Im Laufe des Abends zog Joachim Grzega auch kurz Bilanz über die weit über 100 EHP-Veranstaltungen. Das EHP habe stets Hilfe für Menschen angeboten, damit man Europa sowohl kulturell als auch ökonomisch besser versteht. Grzega sagte, dass es Bildungseinrichtungen für eine neue Art der Aufklärung bräuchte – echt europäisch, auf der Grundlage von komplexer wissenschaftlicher Beobachtung, aber allgemein verständlich formuliert, manchmal mit einer Prise Humor. Er betonte die zentrale Rolle seiner Sprachlehrkonzepte, die sich auch die Pappenheimer Bürger vorwiegend gewünscht hatten: Er erinnerte an den 91-jährigen Lerner in seinem Basic-Global-English-Kurs, den SprachFitnessStudio-Teilnehmer aus Flensburg, die vielen zufriedenen Teilnehmer seiner Sprach-Not-Arzt-Angebote. Damit hatte er sogar den Sprung ins bayerische Fernsehen geschafft. Des Weiteren freute sich Grzega über Einladungen in alle Regierungsbezirke Bayerns und etliche Orte darüber hinaus: Magdeburg, Lüneburg, Saarbrücken, Stuttgart, Innsbruck. Ferner zeigte er auf, dass er stets im Sinne der gesamten Stadt dachte und Seminare und Tagungen so plante, damit so auch die Innenstadt mit Gästen belebt wurde, auch außerhalb der touristischen Hauptsaison. Weitere Tagungen wären bereits geplant gewesen. Schließlich bedankte er sich auch für die Mitarbeit bei Wilma Vogel, Dr. Bea Klüsener und einigen Vereinen. Alle, die beim Aufbau des EHP mitgearbeitet hätten, könnte auf das Erreichte stolz sein. Im Gegenzug bedankten sich Renate Prusakow vom Heimat- und Geschichtsverein sowie Martin Stehr und Ludwig Schütz vom Städtepartnerschaftsverein bei Grzega für die gute Kooperation und zeigten sich über das Ende des EHP-Betriebs tief betroffen. Bewegt blickte auch 1. Bürgermeister Uwe Sinn auf die Zeit mit Grzega zurück. Grzega habe stets alle Vorgaben des Stadtrats übertroffen, bei inhaltlichen Herausforderungen schnell Lösungen geboten und außerdem zahlreiche international hochkarätige Personen nach Pappenheim gebracht. All dies habe zur Aufwertung Pappenheims und zu einer überregional positiven Werbung für die Stadt beigetragen. Manch einer im Saal hatte eine Träne im Auge und das Publikum dankte Grzega mit stehendem Applaus für dessen Leistung. Er wahrte trotz der wehmütigen Stimmung auch seinen Humor und lud ein, mit ihm in Kontakt zu bleiben. Abschließend präsentierte Grzega seine jüngste Komposition: sie vereint die Wendung “in Frieden” in verschiedenen europäischen Sprachen. Am Ende sang das Publikum mit.

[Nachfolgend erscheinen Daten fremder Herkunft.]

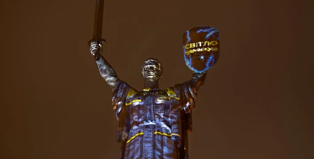 Українські енергетики символічно підсвітили монумент Батьківщина-Мати. Скульптуру освітили національними кольорами та написом "Світло тримається!".
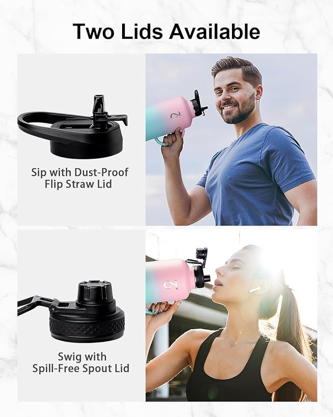 - No Spills, No Worries: Our stainless steel water bottle comes with a dust-proof flip straw lid and a spill-free spout lid, meeting your different needs. With accurate silicone seal rings, they are both 100% leak-proof and spill-proof.

Das Projektteam: Joachim Grzega, Agnes Giglberger, Anne Würth, Carolin Schlosser
Station "Zuwanderer"
Station "Ungleiche Vermögensverteilung"
Station "Regierungschefs"
Rückblick auf EHP-Aktivitäten in Deutschland und Österreich
Grzega + Bgm. Uwe Sinn
Renate Prusakow (Heimat- und Geschichtsverein) + Grzega
Grzega + Martin Stehr und Ludwig Schütz (Städtepartnerschaftsverein)
Joachim Grzega singt Abschlusslied
Stehende Ovationen für Grzega
Persönliche Adieus
Text von Grzegas Friedenslied "In Pace"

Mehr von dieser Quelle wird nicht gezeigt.